4. If no wire emission appears: confirm both operations are purely client-side and update R5 to "fully settled — client-side only".
**Resolves when:** R5 is fully settled (either with a documented wire opnum or a "client-side only" verdict backed by capture).
### F3 — Cross-domain NTLM Type1/2/3 fixture
**Severity:** P2
**Status:** Permanently out-of-scope on the current dev host (no second AD domain). Resolution requires external infrastructure not available here.

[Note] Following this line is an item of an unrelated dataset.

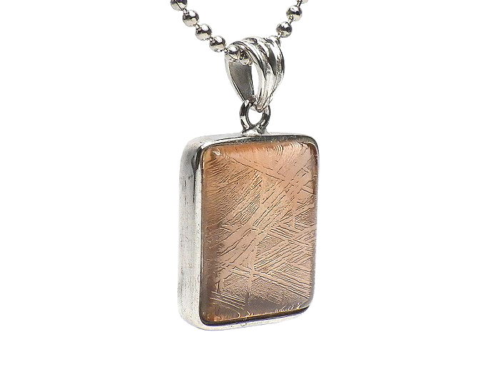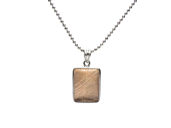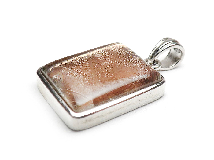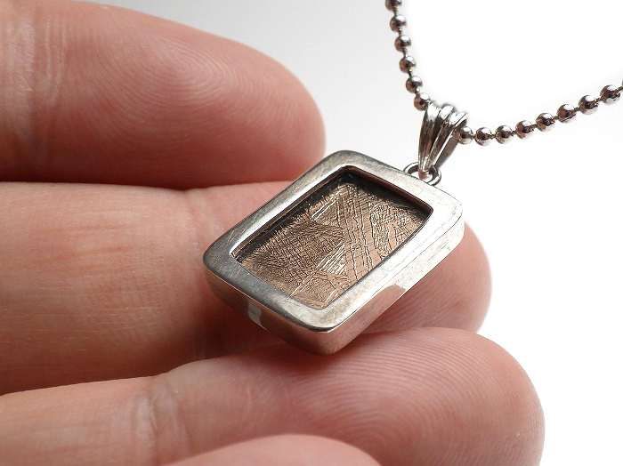 【卸】SV925 ペンダントトップ 片面ふっくらスクエアカット 鉄質隕石(メテオライト)ピンクゴールド

@@ -131,6 +142,9 @@ For `077` (Suspend on advised ScanState): document the trigger conditions for R5
## Resolved
### F36 — `Session::subscribe_buffered` (NMX) per R2 single-sample-per-event answer
**Resolved:** 2026-05-06. `Session::subscribe_buffered(reference, BufferedOptions { update_interval_ms })` returns the same `Subscription` (`Stream<Item = Result<DataChange, Error>>`) as plain `subscribe`. Wire path mirrors `MxNativeSession.RegisterBufferedItemAsync` (`MxNativeSession.cs:272-310`): the `item_definition` is suffixed with `.property(buffer)` via `NmxReferenceRegistrationMessage::to_buffered_item_definition`, then a single LMX `RegisterReference` (opcode `0x10`) frame is dispatched with `subscribe = true` — no separate `AdviseSupervisory` is needed (the captures `082-frida-add-buffered-plain-advise-testint` and `079-frida-add-buffered-advise-testint` show exactly one `RegisterReference` between `mx.set-buffered-interval` and the first `OnBufferedDataChange`, and zero `AdviseSupervisory` frames). `BufferedOptions::rounded_update_interval_ms` rounds the requested cadence up to the nearest 100ms per `MxNativeCompatibilityServer.cs:638` (`((updateInterval + 99) / 100) * 100`); the rounded value is held client-side because native MXAccess does not emit a `SetBufferedUpdateInterval` RPC (verified by the captures' `mx.set-buffered-interval.begin/end` events producing no NMX traffic). New example `crates/mxaccess/examples/subscribe-buffered.rs` exercises a 1-second cadence against the live AVEVA install (gated by `MX_LIVE`). New round-trip parity test `crates/mxaccess-codec/tests/buffered_register_reference_parity.rs` validates the wire-byte sequence against captures `079` + `082`. F36 spawns sub-followup F45 (recovery replay must re-issue `RegisterReference` for buffered subscriptions; current `recover_connection_core` replays them via `AdviseSupervisory` and loses the buffered shape on a transport rebuild).
### F37 — ASB `subscribe_buffered` capability gate
**Resolved:** 2026-05-06 (commit `34045c2`). `AsbSession::subscribe_buffered` returns `Error::Unsupported { transport: TransportKind::Asb, operation: ... }` synchronously without touching the wire — ASB has no `SetBufferedUpdateInterval` analogue; the per-monitored-item `MinimalMonitoredItem::sample_interval` is the rate-limit knob instead. The error-construction logic is split into a free fn so the gate's exact shape is unit-testable without spinning up a live authenticator + transport. Workspace 758 → 759 tests; clippy clean.